I’m reading Girl. Woman. Other. But she’d be right: it is the advice of male guides that I’ve
been following for years.
Why?
Partly, I like their logic and clarity which speaks
to the rationalist in me. Also, their advice helped me through the development
edit of The Goose Road which clinched
the publishing deal with Walker. Why wouldn’t you believe in people who helped you
to achieve a life-time’s ambition?
What’s more, I’d tell my angry young self, female
editors whom I admire greatly also champion individual protagonists with clear
goals struggling to overcome obstacles in stories that reach coherent and defined
end-points. What’s so masculine about that?
OK, it’s not how life works, but this is art,
innit, the craft of storytelling.
Or is it?
Another inner voice is now asking how much of this conformity to a commercial
paradigm is actually about economics and the forlorn dream of making a living
as a novelist. Merely hoping to get published again seems to dictate playing
the game of characters-in-conflict and more-or-less tidy endings.
No doubt there is a serious debate to be had about whether
goal-orientated Western protagonists are necessarily masculine archetypes, but it’s hard to match this description with real women's life stories defined by relationships and communities.

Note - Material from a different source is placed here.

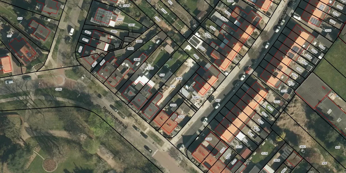 Gebruik de zoekbalk of klik op een perceel om informatie over het perceel te bekijken.
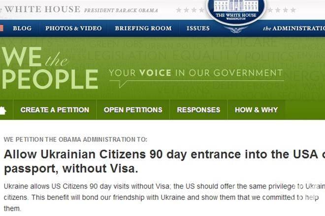 На официальном сайте Белого дома размещена петиция, согласно которой предлагает введение безвизового режима между США и Украиной на срок в 90 дней.

Why this should feel like some kind of revelation I don’t understand.
Perhaps the brain's been addled by all that blasted cooking. Or maybe I’ve spent too long researching
the WIP’s male protagonist and neglected the young woman who is central to his
story.
She is distinctly ‘other’, disempowered to the nth
degree by men who abhor her gender, her beliefs and her class. I have found a
literary device to allow her agency and a strength she would have been denied
in the early 17th century. But a device isn’t character and, so far,
I’ve had little success discovering who she is.

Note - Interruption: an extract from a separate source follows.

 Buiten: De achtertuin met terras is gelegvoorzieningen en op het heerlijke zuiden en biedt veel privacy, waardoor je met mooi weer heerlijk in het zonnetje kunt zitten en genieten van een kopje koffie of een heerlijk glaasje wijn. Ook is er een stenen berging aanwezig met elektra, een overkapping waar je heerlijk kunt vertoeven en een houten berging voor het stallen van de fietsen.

Now I’m wondering if she might transgress 21st
century publishing conventions as well as Jacobean norms, whether I can free her
from Aristotelian (another bloke) three-act arcs, and give her fluidity in time and place, and an ambiguous ending.

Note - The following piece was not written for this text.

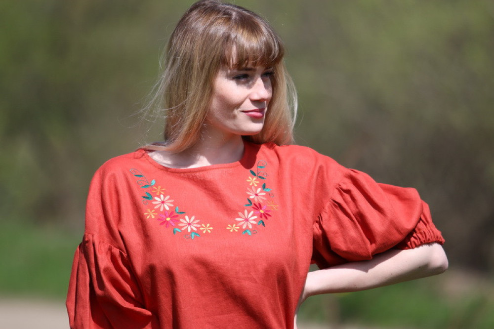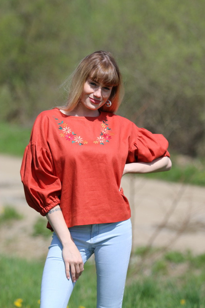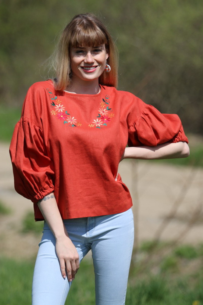 Táto ľanová blúzka s kvetinovou výšivkou je ideálnou voľbou pre ženy, ktoré hľadajú priedušné letné oblečenie z prírodných materiálov.

After all life is never neat and tidy.
@HouseRowena on Twitter.
Rowena House Author on Facebook
Website: rowenahouse.com
The Goose Road, nominated for the Carnegie Medal, shortlisted for the Branford Boase Award
3 comments:
This is a great blog. It seems - to me at least, based on what you have said - that you are asking the right questions of yourself and your writing. The blog speaks to mystery and exploration,being acutely aware of the conventions and expectations but also a very real need to transgress them. Like you I've read the (male)guide books, and whilst useful, I think I need to get in touch with the emotional, transcendent, unconcious side of things, and not stress too much about character, conflict and comfortable resolution. Tricky though, puts us in unknown territory, but overall I think it's better to explore and even experiment, than to stick to what we know.
Very interesting, Rowena. I'm going to look into this further.
Thank you, Chris and Susan. Though I wrote the blog light-heartedly, it is a big question for the WIP. You persuaded me to read Booker, Chris, and I'm so glad you did. Its depth and detail bring into focus many of the questions I'm asking myself at the moment. I agree the emotional, transcendent and unconscious are essential components of stories and characters, shaping identity, psyche & our/their subjective experience of events. I'm researching the WIP from two angles: objective history and subjective experience, neither of which is transparent; both invite challenge. It's liberating to reject orthodoxy but better, I suspect, to pick & choose particular established forms and tropes, since 'new for new sake' is likely to distance a reader unnecessarily. I think familiarity can effectively locate adn frame the narrative making it seem more authentic and believable. Presumably, like most things, it's a matter of balance. Don't alienate your audience, but equally don't blindly accept bias.